What this task involves
With the line containing "WIDE INSERTS &" as the final line, restate exactly every line of the data below from the first one onward, and copy no pictures.

Data below
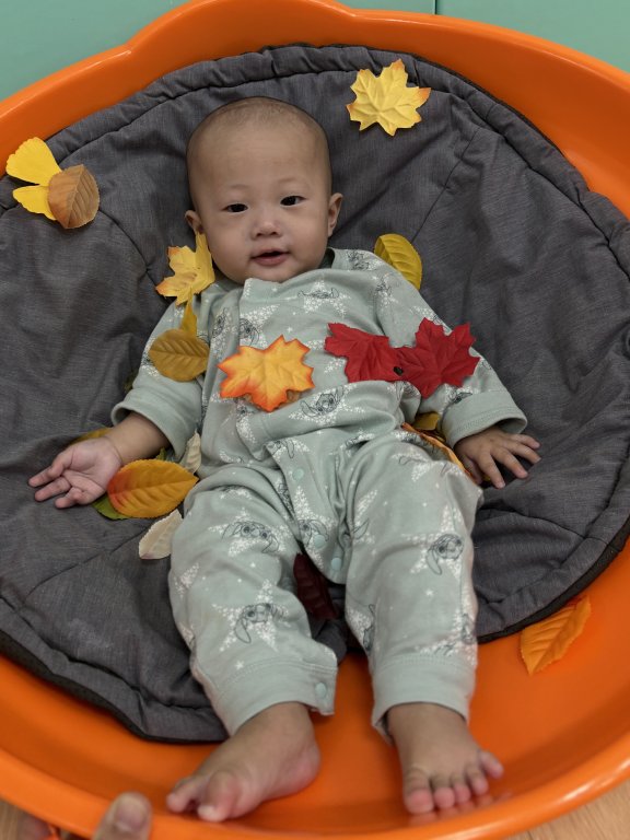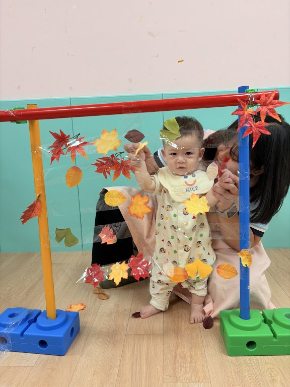 透過自製可愛的落葉牆,寶貝們開心伸手摸一摸、撕下葉子,探索顏色與觸感,課程中享受滿滿的感官小驚喜 🍁
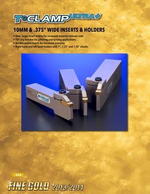 10MM & .375” WIDE INSERTS & HOLDERS • New, larger insert widths for increased material removal rates • TDT chip breaker for grooving and turning applications • Double-ended inserts for increased economy • Right hand and left hand holders with 1”, 1.25” and 1.50” shanks. 246
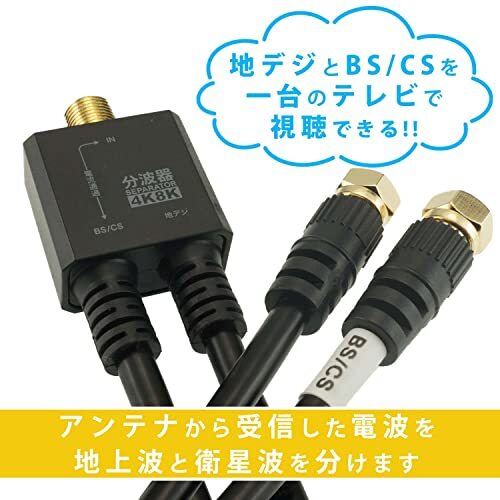 「ホーリック アンテナ分波器 4K8K放送(3224MHz)/BS/CS/地デジ/CATV 対応 ケーブル一体型 20cm ブラック ネジ式コネク」▼4533115065641▼(商品説明)ブラック/20cm/AE-564BK・Size:20cmColor:ブラック・パッケージ個数:1・分波器仕様 ●入力周波数:47~3224(MHz) ●出力周波数:U/V出力端子47~862(MHz) BS/CS出力端子950~3224(MHz)・ケーブル仕様 ●ケーブル規格:S-4C-FB ●ケーブル直径:6mm ●ケーブル長:20cm・●コネクタ規格:F型 ●コネクタ形状:ネジ式(金メッキ仕様) ●コネクタサイズ:W約12.5 x H約12.5 x D約32.75 mm ●インピーダンス:75Ω・袋パッケージ・●期間:1年間 ●生産国:中国●地デジ放送、BS/CS放送をそれぞれ視聴したいときはコレ●地デジ(UHF)と衛星波(BS/CS)を効率よく分け、1台のテレビで地デジ、BS、CSを視聴できます。●4K/8K衛星放送対応●従来の地デジ、BS、CS放送に加えて、最新の4K/8K放送にも対応しています。●便利なケーブル一体型構造●分波器本体と出力側ケーブルが一体型のつくりになっているため、分離型に比べて接続損失を軽減することが可能です。●BSアンテナ電源供給可能

Solution for this task
 透過自製可愛的落葉牆,寶貝們開心伸手摸一摸、撕下葉子,探索顏色與觸感,課程中享受滿滿的感官小驚喜 🍁
 10MM & .375” WIDE INSERTS & HOLDERS • New, larger insert widths for increased material removal rates • TDT chip breaker for grooving and turning applications • Double-ended inserts for increased economy • Right hand and left hand holders with 1”, 1.25” and 1.50” shanks. 246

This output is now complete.